**Information provided**:
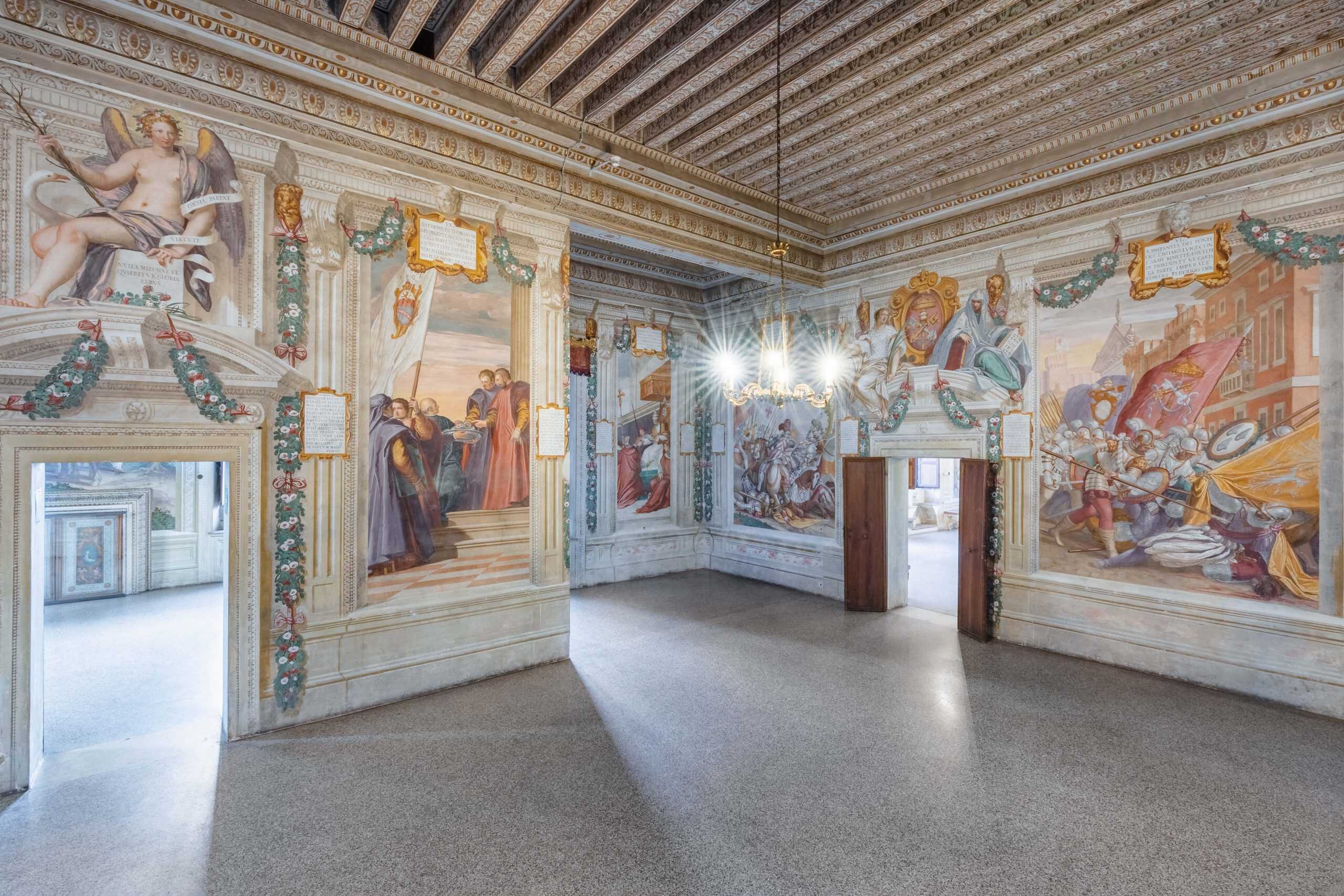 L’intero ciclo pittorico di Zelotti, tra i più importanti del Nord Italia, rappresenta la saga eroica della famiglia degli Obizzi.
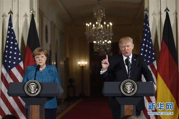 3月17日,在美国华盛顿,美国总统特朗普(右)与德国总理默克尔举行联合新闻发布会。新华社/法新
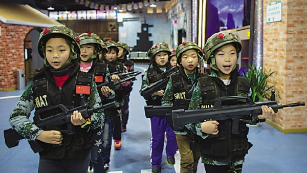 诺亚方舟儿童职业体验馆内,小朋友们体验军事项目
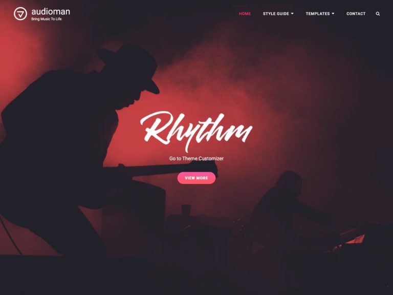 Otro gran tema gratuito de música de WordPress que vale la pena considerar se llama Audioman. Este tiene un estilo un poco más moderno que apunta sólidamente a la interpretación de músicos y bandas. Su enfoque principal es la promoción de eventos musicales, y cuenta con el conjunto de funciones adecuado para que esto sea posible y fácil. Incluye una variedad de módulos fáciles de usar que puede configurar para crear un sitio único y atractivo.
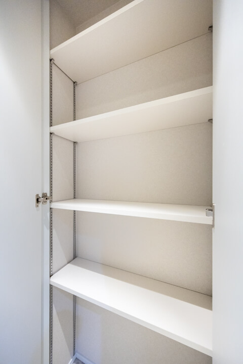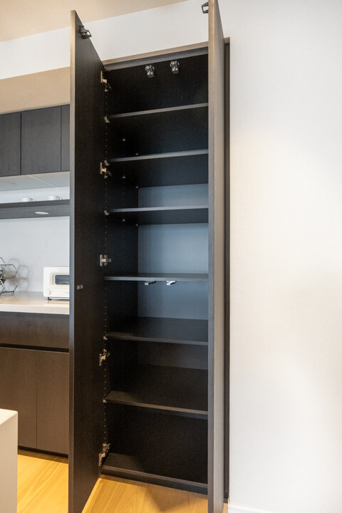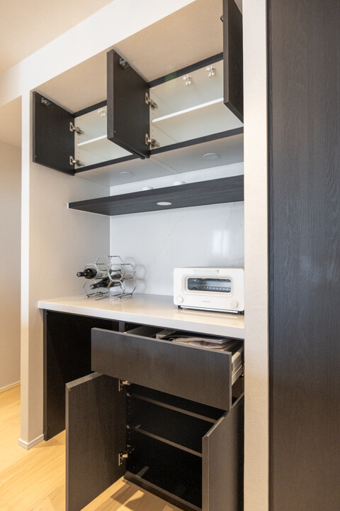 背面にはキッチンと同じデザインのカップボード、収納棚を完備しています。食料品のストックや食器類を整理整頓でき、散らかりがちなキッチンまわりがすっきり片付きそうですね。カウンター下にダストボックスを置けるスペースがあるのも嬉しいポイントです。
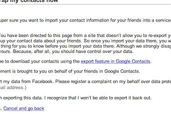 Lorsque vous tenterez d’exporter vos contacts Gmail depuis Facebook, Google vous redirige vers une page Web vous prévenant du «danger» d’exporter vos données chez Facebook. Google ne vous empêchera pas d’exporter vos données, cependant cette page veut évidemment vous dissuader de le faire. Vous trouverez cette page ici.
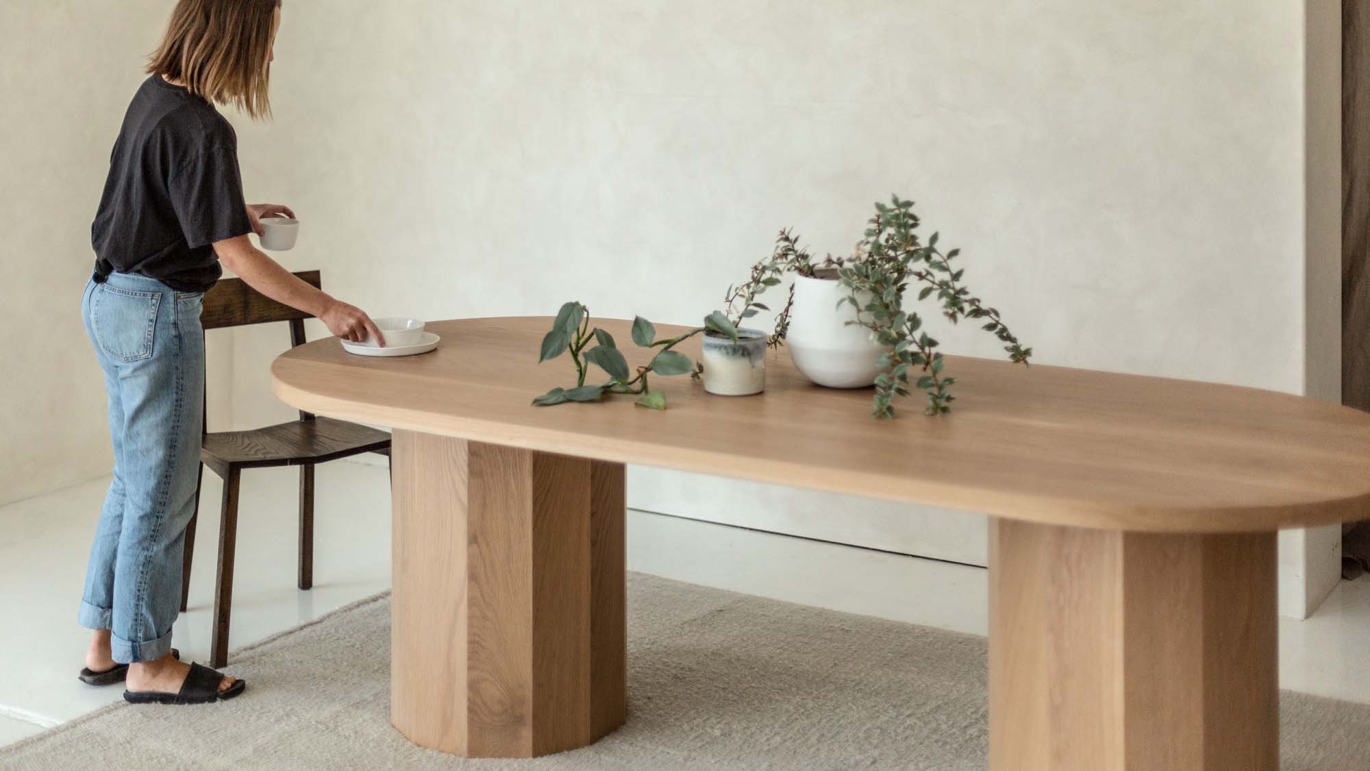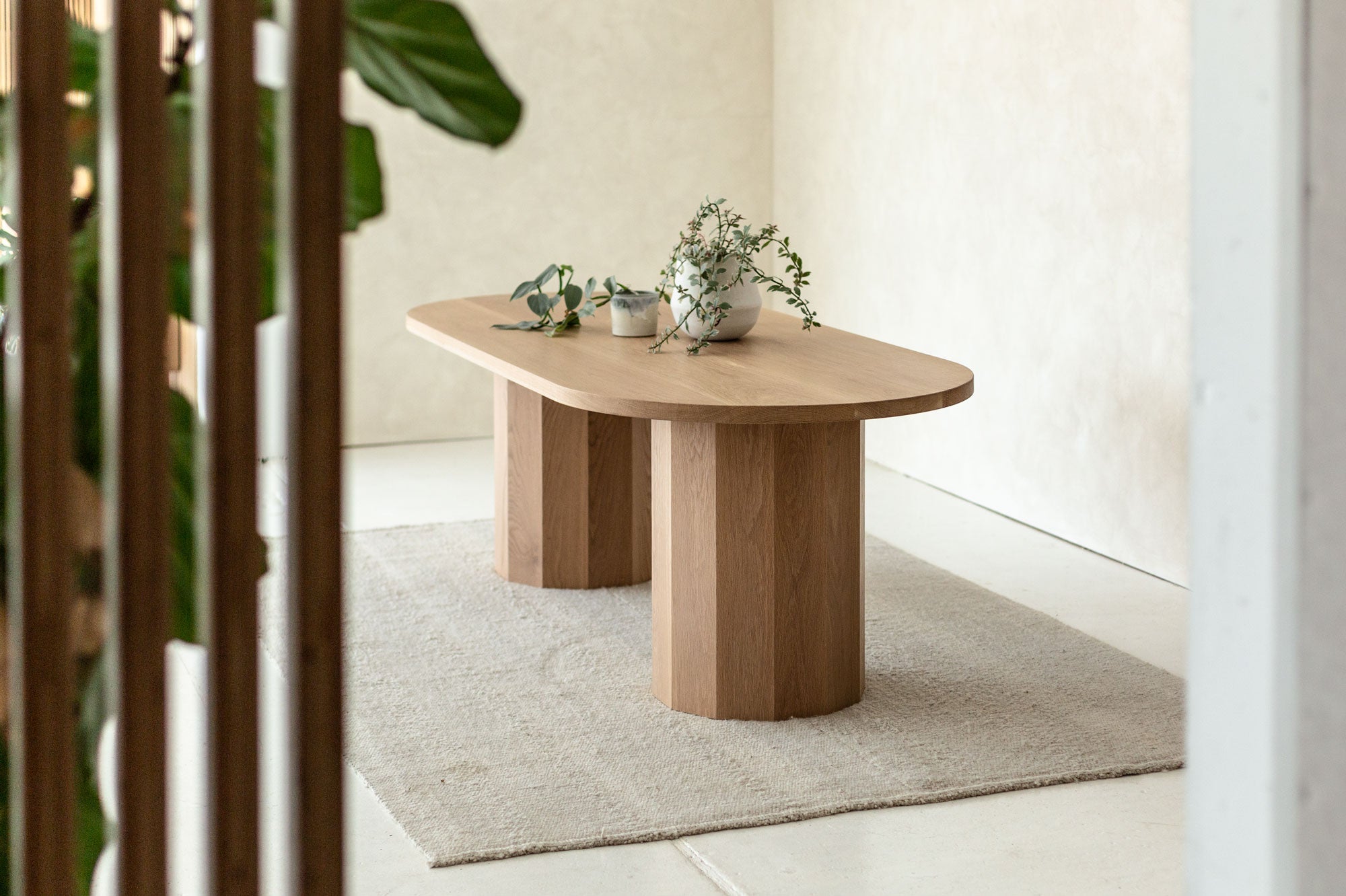 The Double Barrel Table is a bold yet refined centerpiece from the Barrel Collection, designed to make a statement in your dining or living space. Crafted from solid timber, it features two precisely joined, flat-panelled, hollow cylindrical bases supporting a 40mm thick capsule-shaped top. The collection brings a timeless yet contemporary aesthetic.
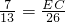如图,DE∥BC,AD:DB=6:7,AC=26,则EC=________.
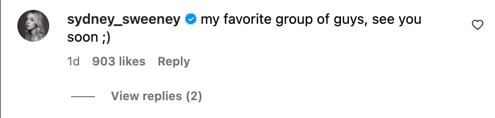A quick look at his Instagram is a bunch of posts with celebrities seemingly from invites that he got from being associated with Sydney: Euphoria premieres, award shows, etc. I can't think of many things that would make you a higher commodity on campus than you traveling the planet with Sydney Sweeney so a hat tip to Seppe for landing the golden ticket. What initially seemed like a fraternity just using photos of what many would call the hottest woman they've ever seen turns out to be a real heartwarming story of Sydney helping out these young hardworking fellas over at Miami with some great promo.

**Problem to solve**:
Please give all of the data again, exact and free of pictures.

**Solution to this problem**:
 L’intero ciclo pittorico di Zelotti, tra i più importanti del Nord Italia, rappresenta la saga eroica della famiglia degli Obizzi.
 3月17日,在美国华盛顿,美国总统特朗普(右)与德国总理默克尔举行联合新闻发布会。新华社/法新
 诺亚方舟儿童职业体验馆内,小朋友们体验军事项目
 Otro gran tema gratuito de música de WordPress que vale la pena considerar se llama Audioman. Este tiene un estilo un poco más moderno que apunta sólidamente a la interpretación de músicos y bandas. Su enfoque principal es la promoción de eventos musicales, y cuenta con el conjunto de funciones adecuado para que esto sea posible y fácil. Incluye una variedad de módulos fáciles de usar que puede configurar para crear un sitio único y atractivo.
 背面にはキッチンと同じデザインのカップボード、収納棚を完備しています。食料品のストックや食器類を整理整頓でき、散らかりがちなキッチンまわりがすっきり片付きそうですね。カウンター下にダストボックスを置けるスペースがあるのも嬉しいポイントです。
 Lorsque vous tenterez d’exporter vos contacts Gmail depuis Facebook, Google vous redirige vers une page Web vous prévenant du «danger» d’exporter vos données chez Facebook. Google ne vous empêchera pas d’exporter vos données, cependant cette page veut évidemment vous dissuader de le faire. Vous trouverez cette page ici.
 The Double Barrel Table is a bold yet refined centerpiece from the Barrel Collection, designed to make a statement in your dining or living space. Crafted from solid timber, it features two precisely joined, flat-panelled, hollow cylindrical bases supporting a 40mm thick capsule-shaped top. The collection brings a timeless yet contemporary aesthetic.
如图,DE∥BC,AD:DB=6:7,AC=26,则EC=________.
A quick look at his Instagram is a bunch of posts with celebrities seemingly from invites that he got from being associated with Sydney: Euphoria premieres, award shows, etc. I can't think of many things that would make you a higher commodity on campus than you traveling the planet with Sydney Sweeney so a hat tip to Seppe for landing the golden ticket. What initially seemed like a fraternity just using photos of what many would call the hottest woman they've ever seen turns out to be a real heartwarming story of Sydney helping out these young hardworking fellas over at Miami with some great promo.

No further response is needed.